Once your eggs are cooked to perfection, it’s time to add the pesto. Spoon about 2 tablespoons of pesto over each egg. The heat from the eggs will help spread the pesto and create a deliciously creamy topping.

5. Season to Taste

Sprinkle a pinch of salt and a crack of fresh pepper over the eggs. The salt will bring out the richness of the pesto, and the pepper will add a little kick to balance the flavors.

6. Garnish and Serve

This is the fun part! Garnish your pesto eggs with a few fresh basil leaves for an added burst of freshness. If you like a little extra flavor, crumble some feta cheese or drizzle a bit more olive oil over the top.
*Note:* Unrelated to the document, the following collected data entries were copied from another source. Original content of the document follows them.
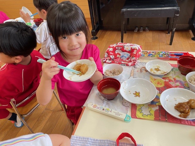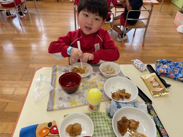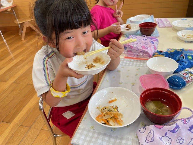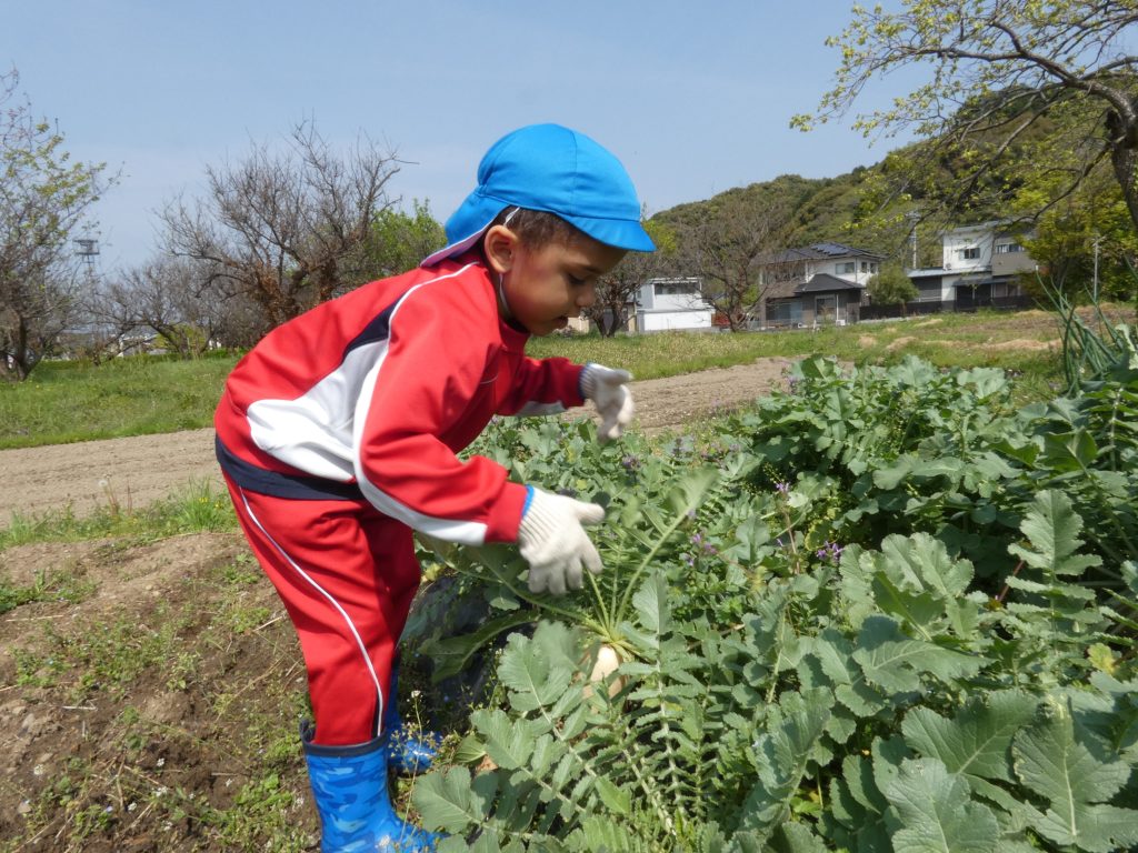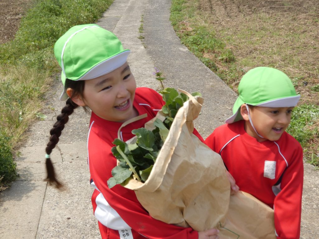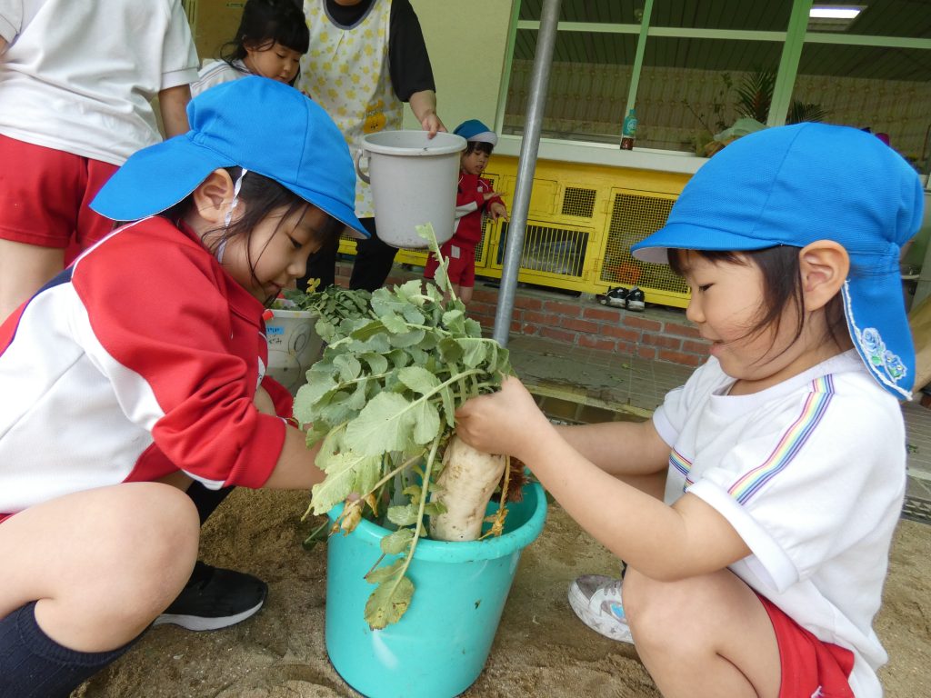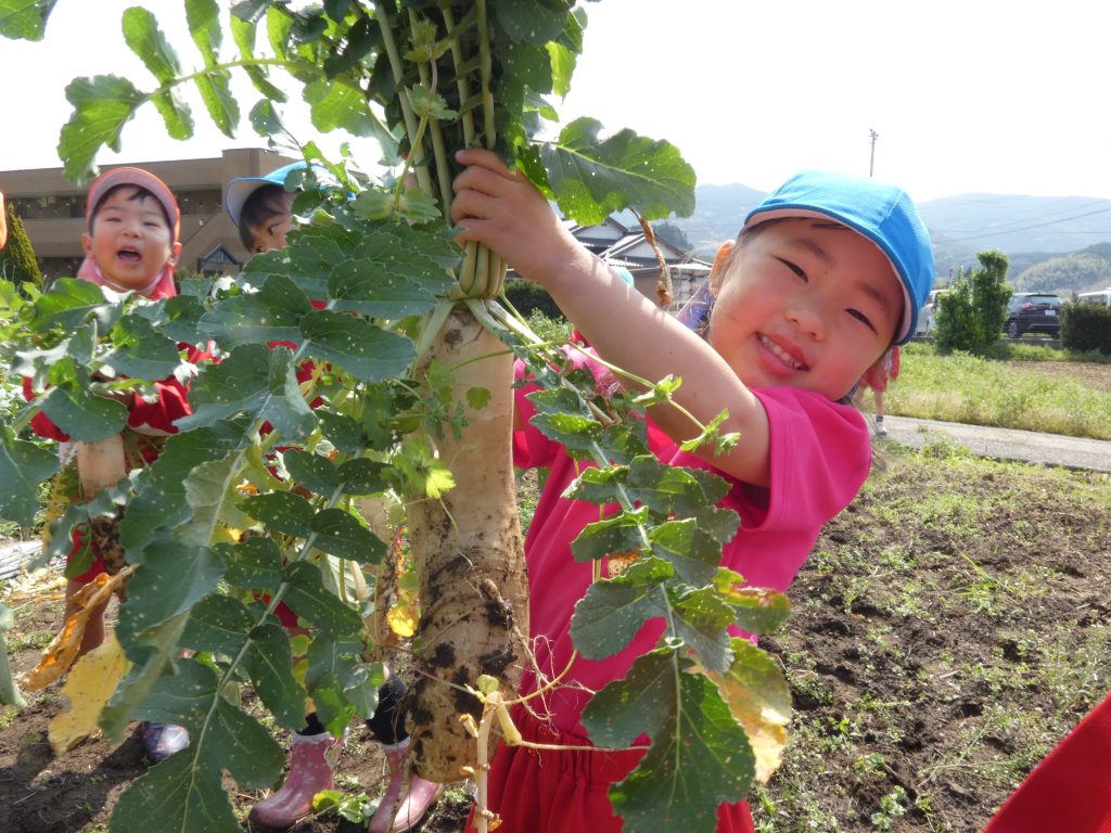 2025.04.18 大根たくさんとれました! うめ組(年長クラス)は、16日に畑に出かけ、大根の収穫を体験しました。そして、今日の給食は、みんなで収穫した大根を使って「自然食 草月庵」さんが大根の煮物を給食に入れてくれました🎵 大根収穫姿がサマになってますね! 大根とれたよ~ いい笑顔ですね(^^)/ 重たいよ~ 仲良く大根を運びました! みんなそろってはい!ポーズ(^^)/ 園に帰って大根を洗いました。綺麗になったね~ そして、みんなが採った大根が給食に! おいしーよ~ と感想を教えてくれました! 残さずぜーーんぶ食べていました! いつもお世話になっている方に大根をお届け!喜んでもらって嬉しかったね~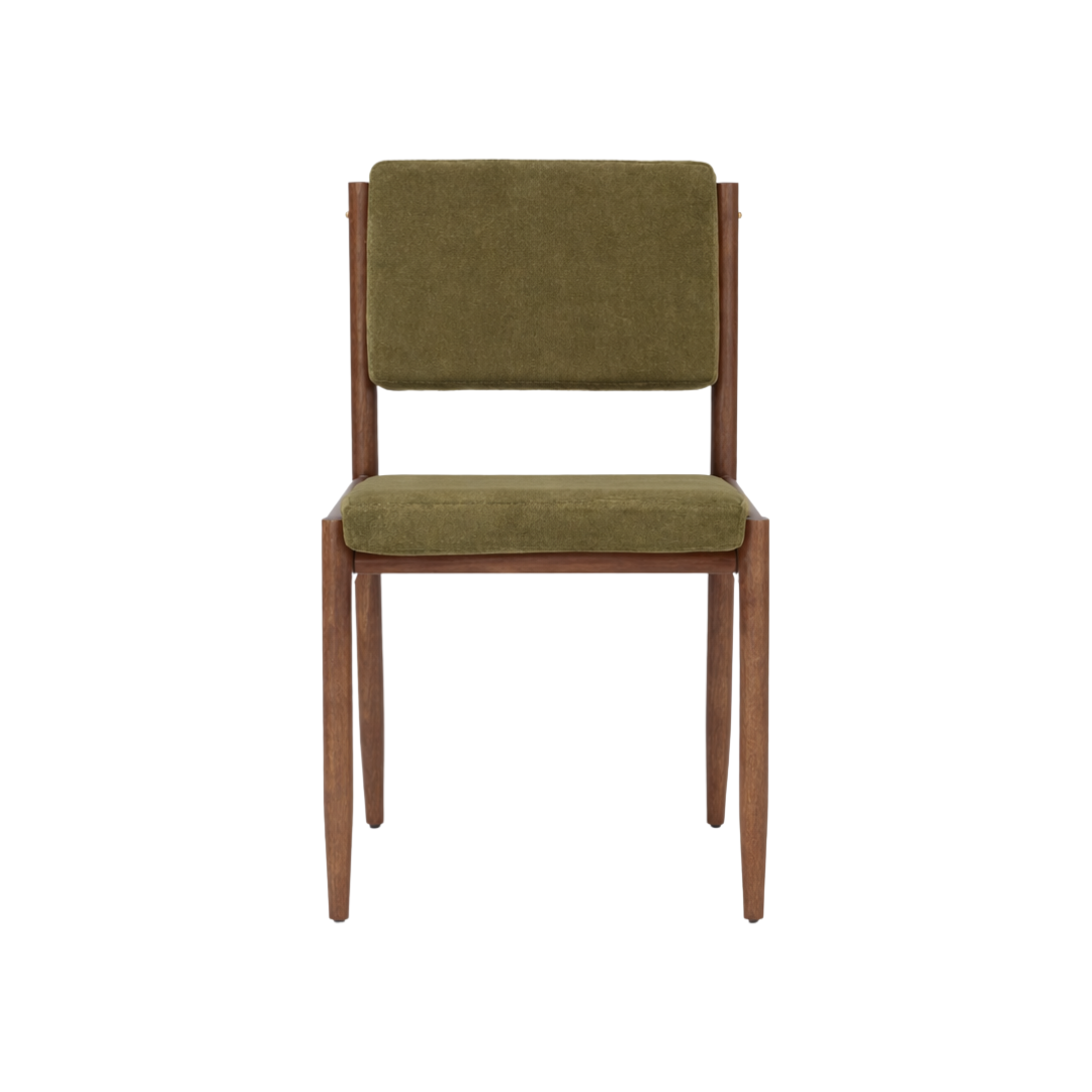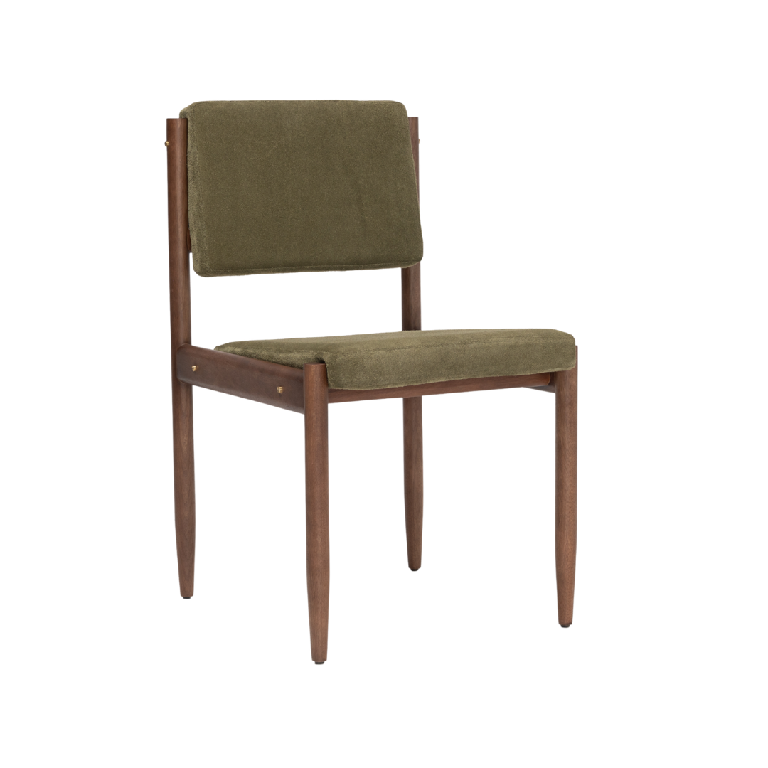 A Cadeira Pivot une simplicidade estrutural e riqueza de detalhes em uma peça atemporal. Seu nome nasce das inclinações sutis do assento e do encosto, que criam um leve dinamismo frente à geometria minimalista da estrutura.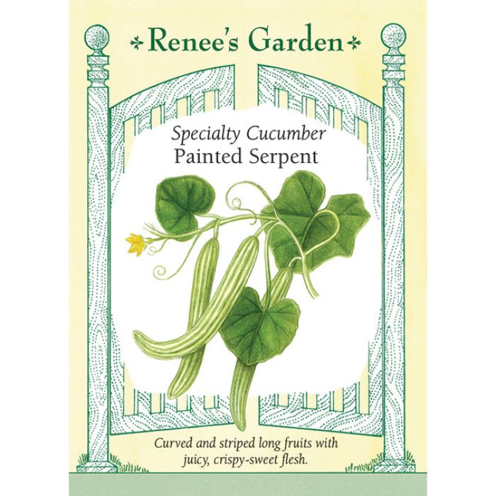 Enjoy long harvests of cool cucumber-like fruits all season! Originally from Armenia, these long, curvy fruits are not a true cucumber but a melon. The crispy, white flesh is never bitter and the pretty striped skins do not need peeling. Painted Serpent thrives in hot and humid weather, yielding consistent large harvests of 10-12 inch long, deliciously juicy fruits to enjoy fresh from the vine. Cut into decorative scalloped slices, they are pretty as a picture!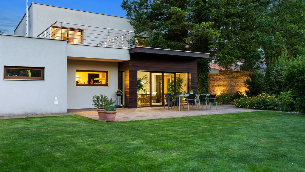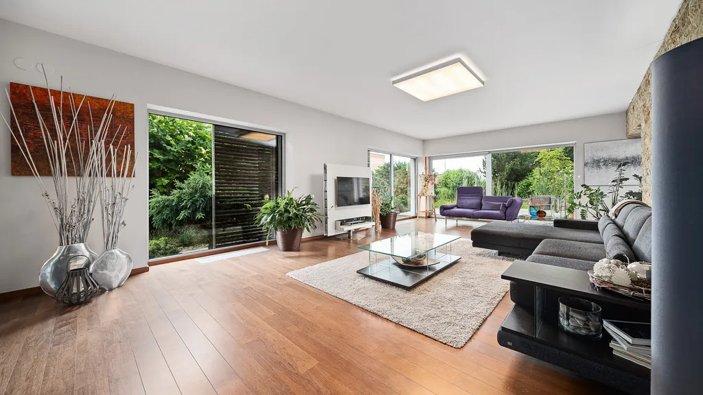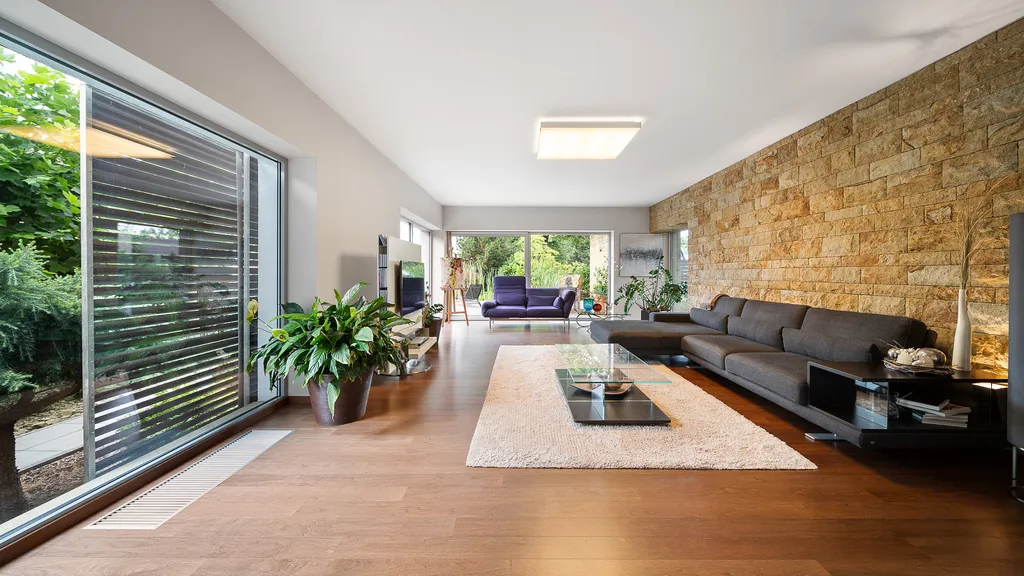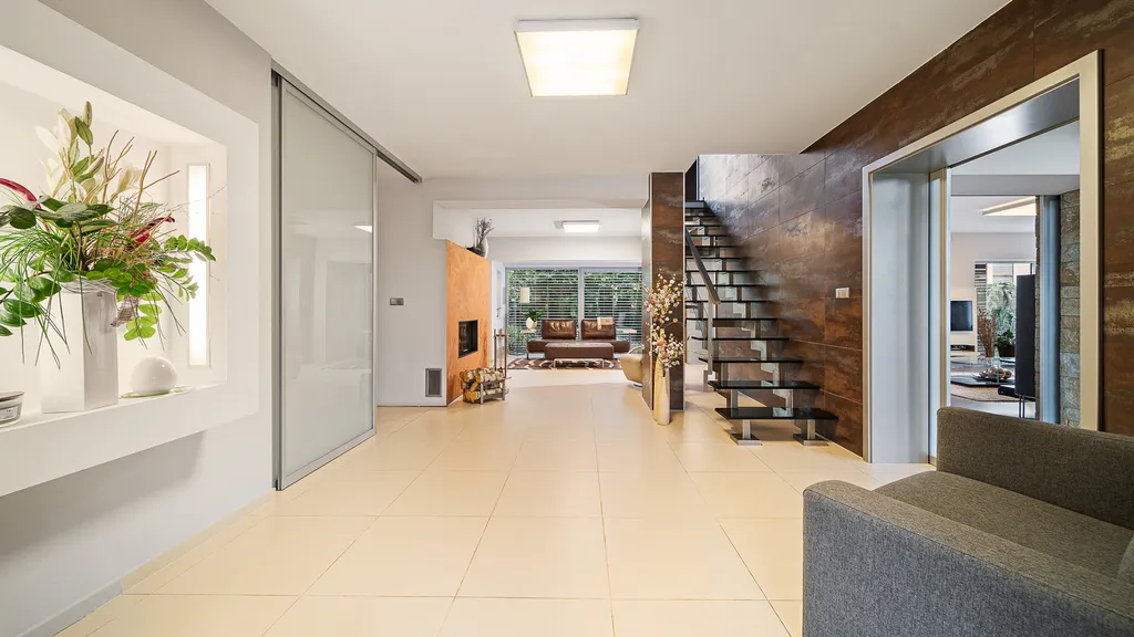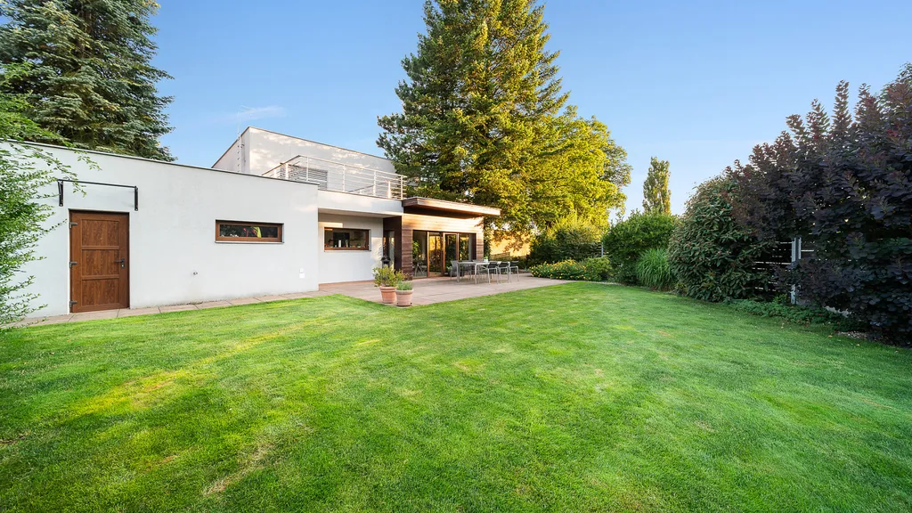 Vnitřní část rezidence překračuje konvenční normy v bydlení. Výhledy do přírody, sofitikované úspořádání a moderní materiály nepřestávají bavit. Spolupráce s projekční kanceláří Atelier H1 se vyplatila. Rozsáhla rekonstrukce byla provedena precizně a odborně na všech úrovních stavby. Dostatek pokojů, uložného prostoru a skvěle postavená zahrada vytvářejí z tohoto objektu skutečný domov.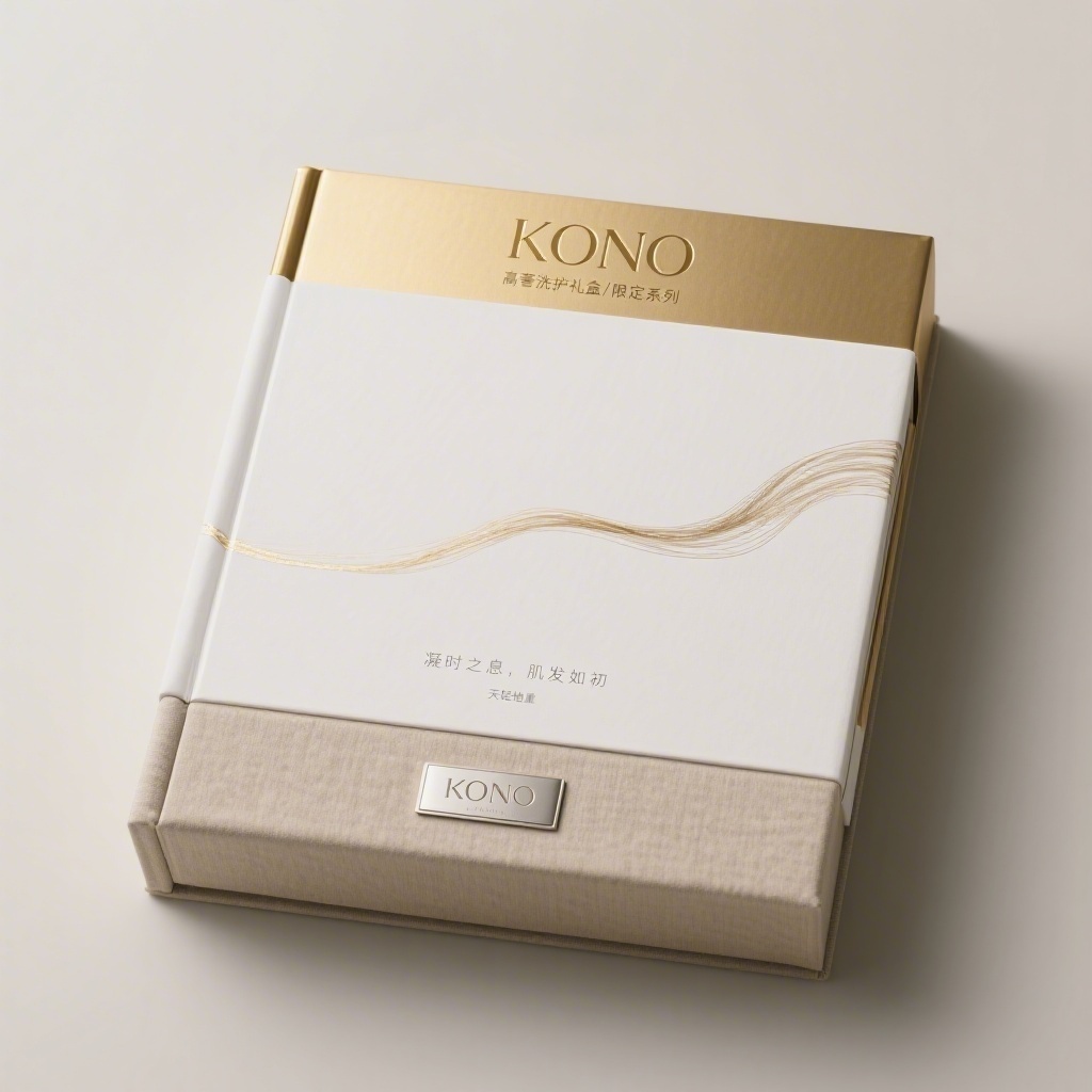 - **包装主视觉面排版**:上下排版(文字在上图案在下)——品牌名“KONO”以定制衬线体烫哑光金置于顶部1/3黄金区,下方留白基底中仅嵌入一条自左向右微倾的手工描金发丝轨迹线,末端隐没于盒沿;宣传语“凝时之息,肌发如初”以极小字号古董白无衬线体横向排列于盒底边缘,如同水印般若隐若现,形成“天轻地重”的呼吸韵律。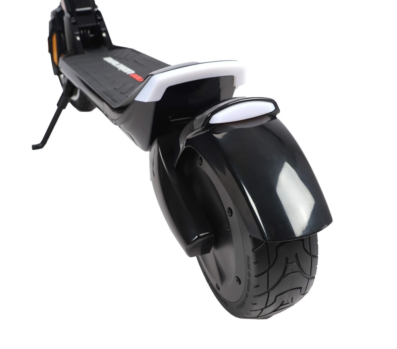Il DUALTRON Dolphin 2025 colpisce a prima vista con il suo design elegante e sportivo, che combina elementi futuristici con praticità. Il telaio è realizzato in lega di alluminio 6061-T6 di alta qualità, che garantisce resistenza e peso ridotto – solo 21,8 kg (versione 12 Ah). L’apertura e la chiusura richiedono pochi secondi grazie al robusto meccanismo di piegatura con blocco di sicurezza. Il manubrio regolabile in altezza, il display LCD EY3 retroilluminato e i comandi intuitivi forniscono tutte le informazioni necessarie – velocità, modalità di potenza, stato della batteria. Tra le dotazioni figurano luci LED anteriori e posteriori, inclusa luce di stop e illuminazione ambientale sotto la pedana, che aumentano lo stile e la visibilità al crepuscolo. Non mancano forcelle ammortizzate anteriori e posteriori per una guida fluida anche su strade dissestate. Gli pneumatici da 9 pollici sono tubeless e dotati di protezione antiforatura, riducendo notevolmente il rischio di forature.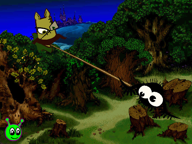 Значок мяча позволит совершить путешествие по локациям из сказки, только без героев. Зато фоны теперь наполнены активными точками, нажатие на которые вызывает различные шуточные действия, к сюжету не имеющие отношения. Есть даже постоянный герой таких сценок - человечек с коробкой на голове.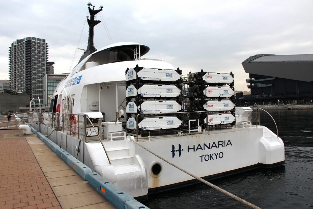水素燃料電池とリチウムイオンバッテリー、バイオディーゼルによる世界初のハイブリッド型電気推進システムを搭載した水素燃料旅客船「HANARIA(ハナリア)」が神戸港(神戸市)にこのほど入港、27日、記念のセレモニーが停泊中の船内で開かれた。同システムの水素燃料旅客船が神戸港に来たのは初めて。

Serve them immediately, and enjoy!

  • Prep Time: 2 minutes
  • Cook Time: 8 minutes

Nutrition

  • Serving Size: 3
  • Calories: 250
  • Fat: 20g
  • Carbohydrates: 5g
  • Fiber: 1g
  • Protein: 15g

Conclusion

Pesto eggs are the kind of breakfast that will make your mornings feel a little more special. The creamy eggs and fresh, flavorful pesto are the perfect combo, and with all the ways you can customize them, you’ll never get bored. Give this recipe a try—whether you’re in need of a quick breakfast or something more leisurely for a weekend brunch, Pesto Eggs are sure to become a favorite.